Saltbox Construction

Lex Shady

Building construction styles vary across the country, states, and even in your own city. It’s important to understand your district, so you can understand how a fire may spread in a structure, and what the inherent fire spread/collapse risks of that structure may be.

As I started to study the construction styles in my city, I noticed several unique design styles. I honestly wasn’t sure what I was looking at, so I started to do some research. I assumed that with unique styles comes changes in fire spread and firefighting tactics. One such style of construction in my district is the “saltbox”.

A saltbox house is designed with a Colonial style of architecture originating in New England, first seen around 1650. The rumor is that saltboxes gained popularity during colonial times due to the Queen Ann taxation of houses taller than one story. By having one roof line, with the rear being single-story, they could avoid the tax. In reality, during that time, multiple families would live in the same home. So most likely, the style came from needing more space, not needing to avoid a tax.

Note the central chimney.

Saltboxes are frame houses with two stories in front and one in back, having a continuous pitched roof. The original homes were designed around a central chimney with a family room and kitchen on the first floor and the bedrooms upstairs. When the families expanded and they needed more room, a shed was added to the back of the home and the roof extended. The kitchen was then moved to this room. In the early 17th century original homes began to be constructed in this style. The name comes from wooden boxes used at that time to store salt. The boxes and homes both shared the same gable style roof shape. (Gable roofs are the most common roof types in the midwest- two roof sections sloping in opposite directions, the highest edge meeting to form the roof ridge.) Saltbox gable roofs have asymmetrical sides, one section being tall, the other short.

It’s important to note there will be additional void spaces in these types of structures.

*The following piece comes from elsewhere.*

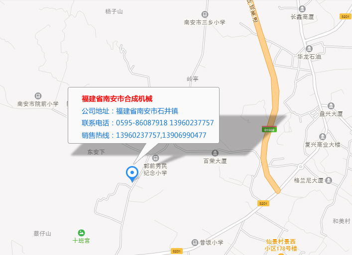 我們的聯(lián)系方式 公司名稱:福建省南安市合成機(jī)械 公司地址:福建省南安市石井鎮(zhèn) 聯(lián)系電話:0595-86087918 13960237757 銷售熱線:13960237757,13906990477 傳真號碼:0595-86087918

Not every structure that has a rear addition with a pitched roof is considered saltbox. An example would be the images below. The important difference here is that there is no continuous roof line. The soffit will act as a sort of “fire stop” preventing the trench effect spread of fire from the first floor.

Notice the soffit provides a break in the roofline.

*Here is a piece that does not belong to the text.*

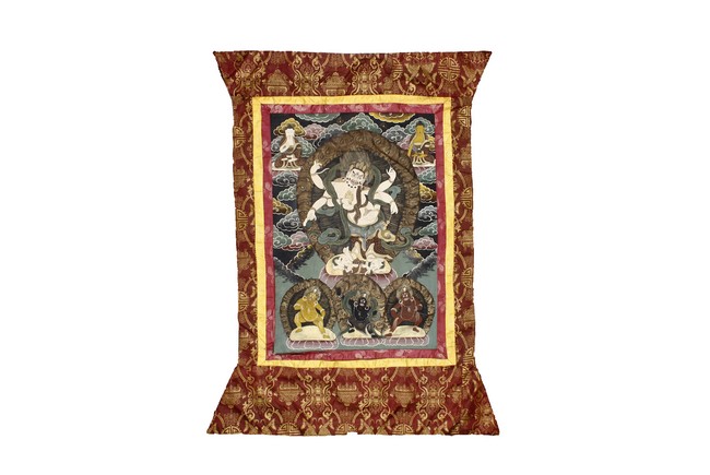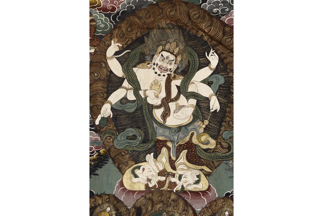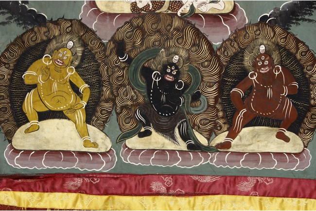 This Thangka depicts that Mahakala standing on two elephants, in front of a mandorla. On the upper left and right corner, painted two buddhas sitting in the colorful clouds. Below the Mahakala, framed three immortals standing in a row.

So why does knowing this construction style matter? Typically first floor fires spread to the upper floors in various ways such as extending out the windows to the second story windows, traveling up a stairwell, burning through the floor, etc. With saltbox style construction, fire can spread from the first floor to the attic space by following the voids in the roof line all the way to the top. This can happen fairly quickly, without being seen from the outside. Think similar principles to a basement fire traveling up the walls of a balloon frame house.

In a saltbox style home, this vertical fire spread occurs through the trench effect, such as the Kings Cross Fire in London in 1987. Once the fire gets into the roof line, there is nothing to stop it from going to the ridge and spreading across the rest of the roof. As with any peaked roof structure, there is collapse risk from fire exposure due to the structural framing, roof decking, etc. What makes these structures different, is the potential for rapid fire spread to the stories above. When fighting these fires you’ll want to be sure to send a second crew to the upper floors to check for extension.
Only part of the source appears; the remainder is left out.